Дюссандер: - Ты меня и фотографировал, наверное?

Тодд: - И фотографировал.

Дюссандер: - И, что же, отдавал проявлять пленки в фотоателье?

Тодд: - За кого вы меня принимаете?! Я с десяти лет сам проявляю пленки и печатаю, разумеется, тоже сам. Если любопытно, вот - "избранное".

Тоод достал бумажный конверт и вынул из него несколько глянцевых фотографий с неровно обрезанными краями

Тодд: - Это одна из первых, трехлетней давности, вы ждете автобуса на Девон-авеню - ни дать, ни взять, премьер-министр в зените славы. Вот вы в очереди у театра "Мажестик", позапрошлая осень. А вот вы заглядываете в свой почтовый ящик... Поначалу я все боялся, что вы меня засечете. Снимал с противоположной стороны улицы, из-за кустов и деревьев, получались, в основном, кусты и деревья, но быстро насобачился. Короче, я печатал фотографии и сравнивал их вот с этими.

На первом, из трех снимков, Дюссандер сидел в своем кабинете - начальник концлагеря Патэн. Второй был сделан в день призыва. На третьем он пожимает руку Генриху Глюксу, помошнику Гиммлера.

Тодд: - Я уже почти не сомневался, что вы - это он. Но это "почти" не давало мне покоя. И тогда, чтобы окончательно убедиться, я раздобыл вот это.

Он извлек из пакета последний листок, многократно сложенный

Тодд: - Узнаете? Это копия листовки Массад, свеженькая. Вы же понимаете, что ваши дела не имеют "срока давности". Я снял ваши отпечатки пальцев и сравнил их с приведенными на этом листке.

Дюссандер: - Врешь!

Тодд: - Снял, а как же. С дверной ручки. В прошлом году, на Рождество, я купил дактилоскоп. Не игрушечный, настоящий. В специальном пособии я прочел про линии руки и тип ладони, и участки для сличения. Называются "позиции". Для суда требуется не меньше восьми позиций. Ваши совпадают с этими, и не по восьми, по четырнадцати позициям.

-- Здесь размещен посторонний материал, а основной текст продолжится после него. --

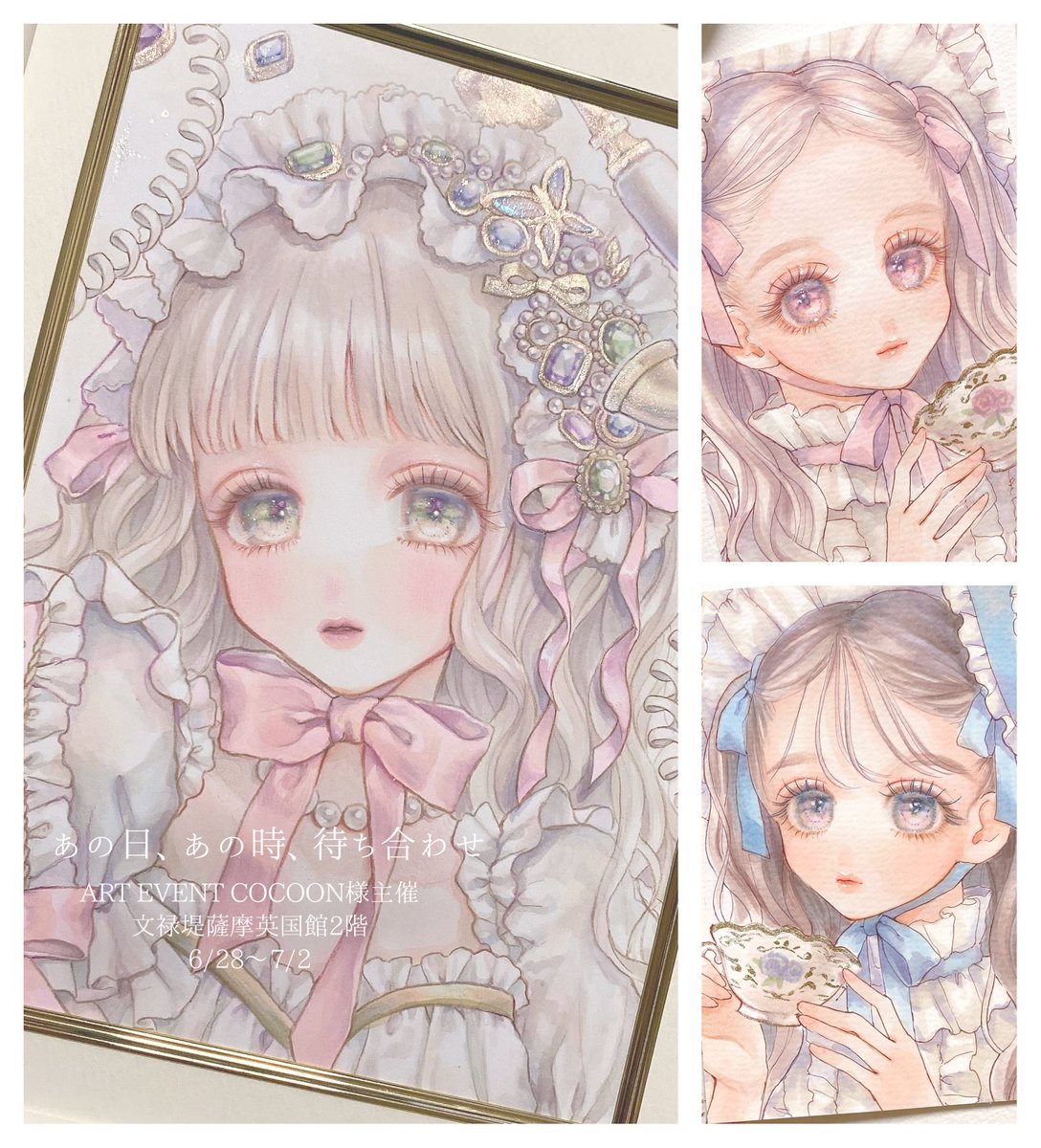☏展示のお知らせ☏ 【 #あの日あの時待ち合わせ 】 🫖主催 ART EVENT COCOON様 🫖会場 文禄堤薩摩英国館2階(大阪) 🫖会期 6/28(水)~7/2(日) 12:00~17:00(最終日11:00~15:00) ୨୧┈┈┈┈┈┈┈┈┈┈┈┈┈┈┈୨୧ 額装1点、ドローイング2点で参加です。何卒よろしくお願いいたします🌷♡

Дюссандер: - Чего ты хочешь? Денег? Боюсь, что уже не по адресу. В Южной Америке кое-что было, правда наркотики тут ни при чем... ничего такого. Просто существует, существовал тесный кружок, бывшие вояки... Я кое-что вложил в дело и сумел извлечь некоторую пользу из полезных ископаемых: медь, олово, бокситы... Но ветер переменился. Национализация, антиамериканские настроения.

Одна неудача следует за другой по пятам, как в жаркий день кобели за сучкой. Дюссандер принял лекарство Последние годы я живу на проценты с акций. Я купил их после войны... под чужой фамилией. Лет пять я жил припеваючи, но потом пришлось кое с чем расстаться, я купил скромный коттедж на побережье. Потом инфляция. Экономический спад. Я продал коттедж, затем пришел черед акций... Н-да, словом, если ты рассчитывал сорвать хороший куш, объект ты выбрал самый неподходящий.

Тодд: - Что?

Дюссандер: - Для шантажа. Разве это слово не знакомо тебе? Шантаж. Вымогательство. Если я тебя правильно... Тоод засмеялся Значит неправильно. Тогда чего же ты хочешь?

Тодд: - Да я просто хочу услышать про все это. Вот и все, ничего больше.

Дюссандер: - Услышать про что "про это"?

Тодд: - Как про что? Про зондеркоманды. Газовые камеры. И смертников, которые сами вырывали себе могилы. Про эксперименты над заключенными. Про всю эту чернуху. Ведь вы знаете об этом больше, чем кто бы то ни был. Вы живая история, и расскажете все без купюр, без цензуры. Все, как было, во всех деталях с подробностями.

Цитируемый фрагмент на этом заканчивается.